直線的進行感を表現する「い」による動詞です。進行感の理性的確認が表現されています。それがなんであれ進行動態にあります。「い」と「ゆ」が交替し「ゆき」とも言います。この交替は相当に一般的で、慣用表現としても定着しています。「ゆくゆくは(行く行く)は」(将来は)、などは「いくいくは」とは言わないでしょう。「心ゆくまで」なども「心いくまで」とはまず言わないでしょう。「心ゆくまで」は、心が心として進行しそこに条件や障害がなくなるまで、の意。「ゆくへフメイ(行方不明)」も「いくへフメイ」とは言わないでしょう。これは古くからそうであり、「いき(行き)」と「ゆき(行き)」の二つの動詞があるといってもいいような状態になっています。俗語的慣用的に「ゆ」が一般化し特に進行が強調されるとき「い」になるということでしょうか。性的絶頂期にも「いく…」とは言っても「ゆく…」とは言いませんね(言っている人もいるのかもしれませんが)。

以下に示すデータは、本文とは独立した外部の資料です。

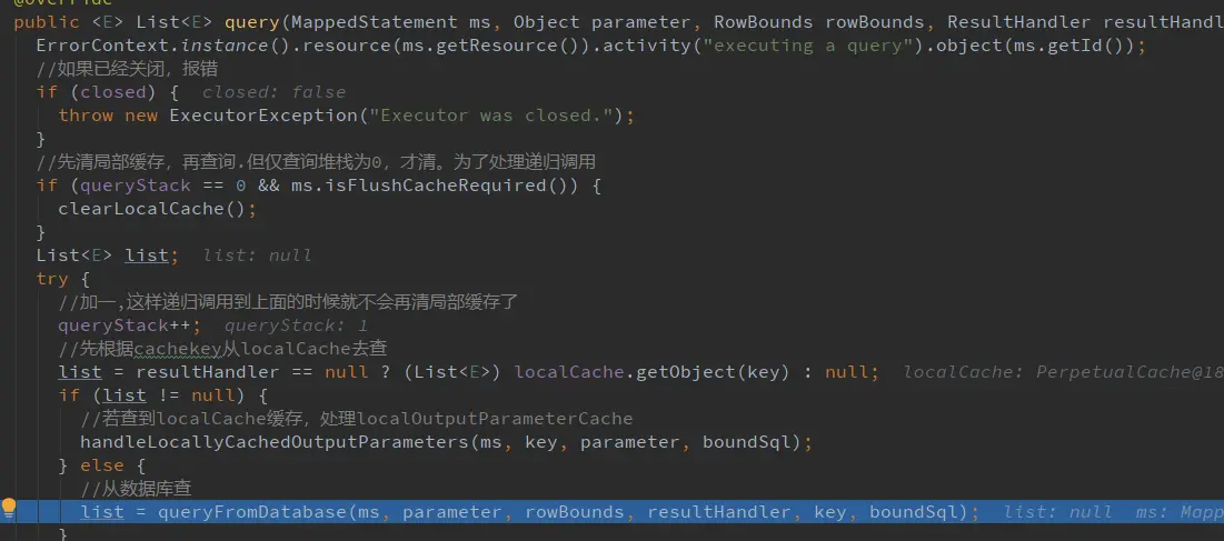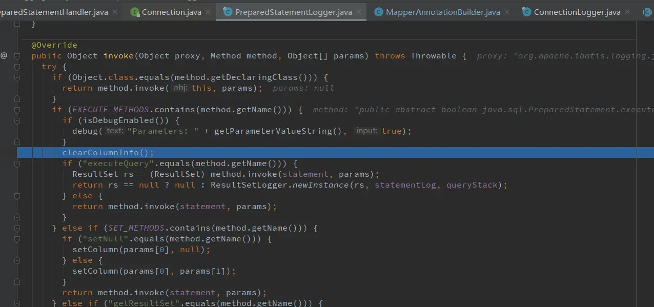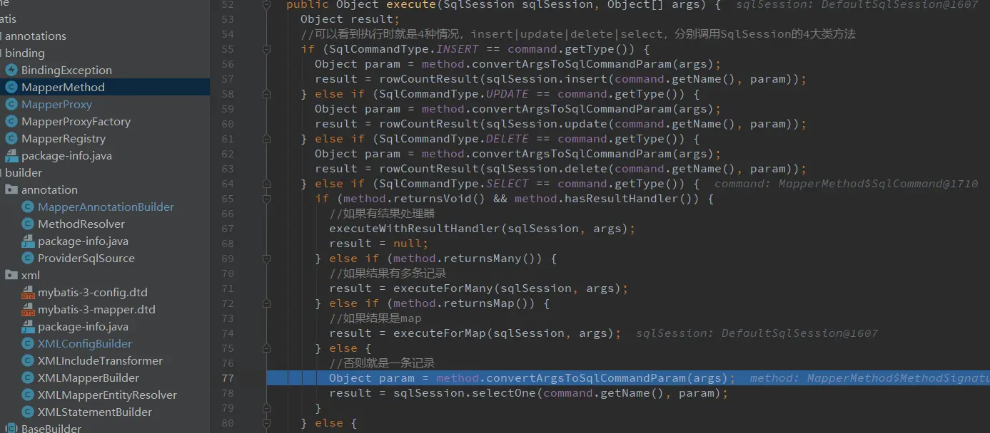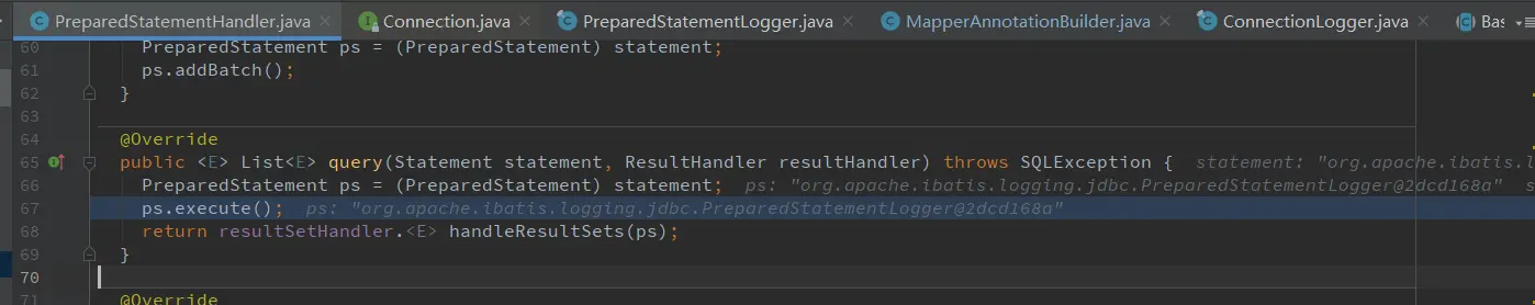 excute方法,由于PreparedStatement对象被代理了,所以走到PreparedStatementLogger类 由于使用了反射,Idea无法进入具体相关实现类,statement对象是com.mysql.cj.jdbc.ClientPreparedStatement,method是java.sql.PreparedStatement#execute也就是statement对象的execute方法。这里得到数据库的数据。 7.获取到数据之后,包装成返回类型的对象。
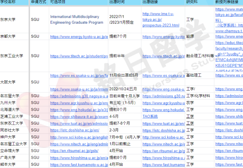 为什么要推荐九大农学的SGU项目呢?因为工科的材料化学要去日本参加考试,这限制了学生入学的便利性。所以,悄悄告诉同学,这里面有农业化学、生物化学类的研究室可以申请哦!而且难度比工科低很多!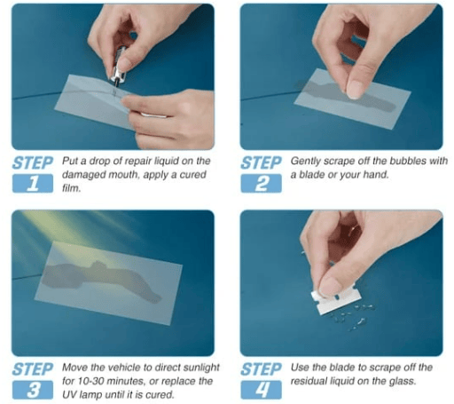 Glass repair kit can be applied to most types of double-layer laminated windshield damaged outer glass, cracks not exceeding 12 inches/30 cm and circular damages not exceeding 1 inch in diameter. It can effectively repair small debris, bullseye, spider webs, star and half crescent shapes.

「あめつちの神を祈りてさつ矢(性能の良いすぐれた矢)貫(ぬ)き筑紫の島をさしていく(伊久)われは」(万4374)。「君がゆく(由久)海辺の宿(やど)に霧立たば吾が立ち嘆く息と知りませ」(万3580)。

「いき(行き)」が、自分に何かが進み感じられ認められる状態にあることも表現することに関しては昨日の「いき(粋)」の項。「いかす」は「いき(行き)」の使役型他動表現なわけですが、自分がどこかへ行く場合は「いかしてるね」という昭和の俗語になります。

動詞に現れる「い」による進行も微妙に違いがあり、「いに(去に)」「いみ(斎み・忌み)」は主動的な(自発的に発する)進行があり、「いに(去に)」は遠心的(外への進行)・「いみ(斎み・忌み)」は求心的(内への進行)です。そして「いき(行き)」客観的な、客観世界での進行です(「い」のアクセントが違います)。